Getting text from scans?

sponge008

Senior member
Jan 28, 2005
325
0
0
So, I have a ~1000-page scanned PDF document which consists of mainly text, but some pictures as well. Is there any way to extract the text, and desirably pictures, to an HTML/.doc/.txt even in a reasonable amont of time? I tried Able2Extract, but it froze if I fed it even as little as a paragraph. I have an Athlon 64 3200+ with 2 gigs of RAM, so that's (hopefully) not the problem.

Edit:
I figured it out: Acrobat can do it, Foxit can't.
 

xtknight

Elite Member
Oct 15, 2004
12,974
0
71
That would be called Optical Character Recognition (OCR). There are several programs that can do that, but I'm not sure if any are free.

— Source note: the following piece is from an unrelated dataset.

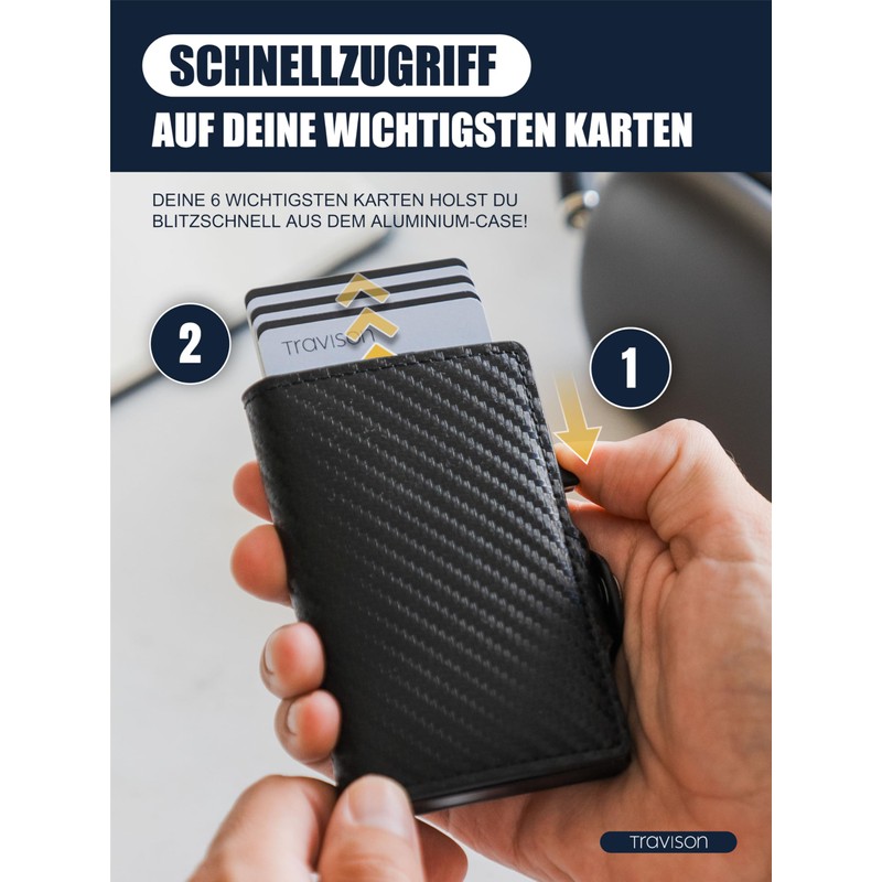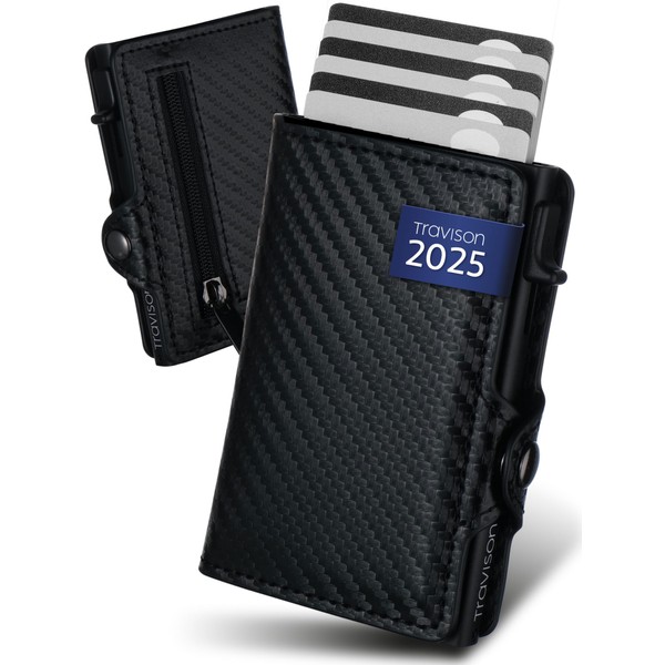 Travison® Smart Wallet with Coin Compartment and Note Compartment - Card Case with Coin Compartment and Quick Access - RFID Protection - Men's Wallet Small - Credit Card Holder - Wallet Mini, carbon,

I think something that comes with the MS Office tools can do it.

Edit: never mind...I misunderstood you. The content of the PDF is actually text? (you can select the characters in Acrobat). Just looking for a batch PDF->TXT converter?
 

WildHorse

Diamond Member
Jun 29, 2003
5,006
0
0
I've got an app named AbbyFine that does that.

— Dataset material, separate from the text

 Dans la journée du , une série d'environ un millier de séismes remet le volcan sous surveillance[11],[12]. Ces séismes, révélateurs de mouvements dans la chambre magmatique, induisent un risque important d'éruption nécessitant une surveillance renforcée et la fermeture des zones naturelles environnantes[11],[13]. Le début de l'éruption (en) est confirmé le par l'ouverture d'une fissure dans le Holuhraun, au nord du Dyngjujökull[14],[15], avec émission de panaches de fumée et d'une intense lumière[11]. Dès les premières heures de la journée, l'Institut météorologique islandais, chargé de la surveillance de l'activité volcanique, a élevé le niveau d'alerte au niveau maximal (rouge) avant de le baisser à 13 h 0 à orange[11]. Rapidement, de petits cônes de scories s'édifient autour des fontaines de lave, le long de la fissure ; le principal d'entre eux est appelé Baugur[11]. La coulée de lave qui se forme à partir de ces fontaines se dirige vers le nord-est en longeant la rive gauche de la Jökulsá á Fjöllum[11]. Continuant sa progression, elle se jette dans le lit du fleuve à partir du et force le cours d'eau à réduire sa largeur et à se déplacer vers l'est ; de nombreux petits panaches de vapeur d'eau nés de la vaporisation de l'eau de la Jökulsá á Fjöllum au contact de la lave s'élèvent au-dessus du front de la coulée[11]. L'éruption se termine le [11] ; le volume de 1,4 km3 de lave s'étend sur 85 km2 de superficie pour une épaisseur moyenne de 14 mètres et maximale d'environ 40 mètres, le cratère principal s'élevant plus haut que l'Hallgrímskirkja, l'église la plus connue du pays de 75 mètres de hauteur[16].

It came bundled with a Lexmark printer, and is the only such app I have any experience with, so I don't know how it compares against others.

It's not free, but you could test it out on their free trial

AbbyFine


It will scan and convert to text, and if you already have saved files of images like your ,pdf, it also will open the saved file, read it, and convert it that to text. It saves the text to MS Word or to a Text file.
 

shortylickens

No Lifer
Jul 15, 2003
80,287
17,082
136
Yup, most good OCR programs will also take an already scanned document (pdf or mdi) and do an image-to-text conversion on it.

I think Omni-Page is great. You get a cheap version with many scanners but the full one works really well. Ihave this fantasy of scanning all my Rifts books and organizing them into something that makes sense and doesnt repeat itself.

I am of the opinion that the scanning software available on MS Office was thrown in just to make it look complete. Its not good at all.